(Bloomberg) -- The deal spread on Elon Musk’s proposed purchase of Twitter Inc. is ballooning Friday to its widest level since deal announcement, after the billionaire sent tweets saying that the takeover is “on hold” but he’s still committed. 

The spread, which offers an indication of Wall Street’s belief that the takeover will be completed, jumped to around $13.70 from $9.11 at Thursday’s close. In other words the market increasingly believes Musk is trying to re-price his buyout proposal or even pull out of the transaction.

At current levels, the market is pricing in a roughly 40% probability of the purchase being completed, said Aaron Glick, a merger arbitrage specialist at Cowen & Co, using $30 as Twitter’s downside price, which is which the shares are likely to fall if the deal collapses. Accelerate Financial Technologies Inc. CEO Julian Klymochko also sees 40% odds of the takeover going through.

READ: Elon Musk Sows Doubt Over His $44 Billion Twitter Takeover

Investors are “speculating that perhaps Musk is using this as a way to seek a price cut,” Glick said. “However, for investors who have avoided this situation because they don’t trust Musk, this development has justified those views.”

The gap between Twitter’s stock price and Musk’s offer has been growing since May 5 and is more than three times where it was last week when Musk announced a roughly $7.1 billion financing commitment.

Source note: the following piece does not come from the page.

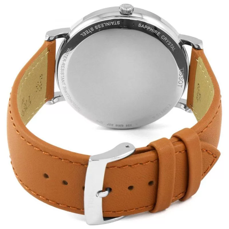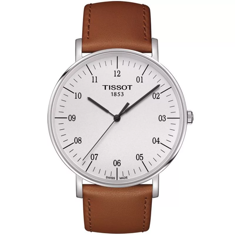 A Tissot T-Classic Everytime Big férfi karóra T109.610.16.037.00 karóra házának anyaga Nemesacél, színe Ezüst, a szíjának anyaga Bőr és a színe Barna. Az óratok átmérője 42 mm, alakja Kerek. A karóra üvege Zafír (karcolásmentes), szerkezete Kvarc és vízállósága 3 atm (30m) (cseppmentes).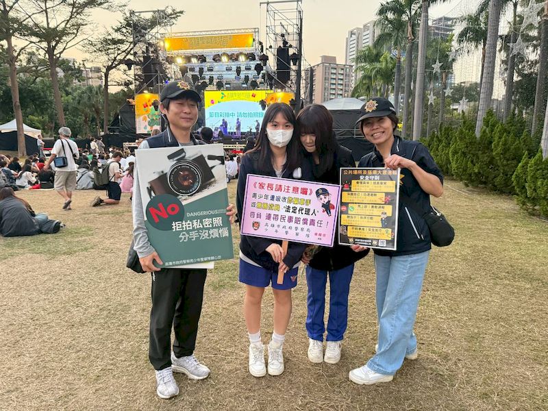 為了讓宣導成效最大化,少年警察隊於這二日編分12組,立即走入人群,或結合高雄市各級學校舉辦校慶、園遊會等大型活動時機,攜帶自製宣導海報,向學生與民眾進行面對面宣導,教導青少年於校外活動、通學及搭乘大眾運輸時,如何察覺異常狀況並正確應變,同時亦派員前往「2025高雄聖誕生活節」等大型活動現場,向活動現場的民眾加強宣導,提醒在人潮聚集處保持警覺、避免圍觀、迅速通報,確保自身與他人安全。

The merger arbitrage spread is among the widest of all US pending transactions, according to Bloomberg data. It represents more than 33% gross return if the buyout plan goes through, compared with 9.5% in Nielsen’s take-private deal.

Read more: Twitter Deal Spread Widens Further as Traders Question Takeover

“There are two likely scenarios here. The first and most likely is that Musk is acting strange and eccentric, in line with historic behavior,” Klymochko said in an email. “The second, and less likely scenario, is he could be angling for a price cut. This would be analogous to what LVMH did to Tiffany after the Covid bear market reduced the target’s value.”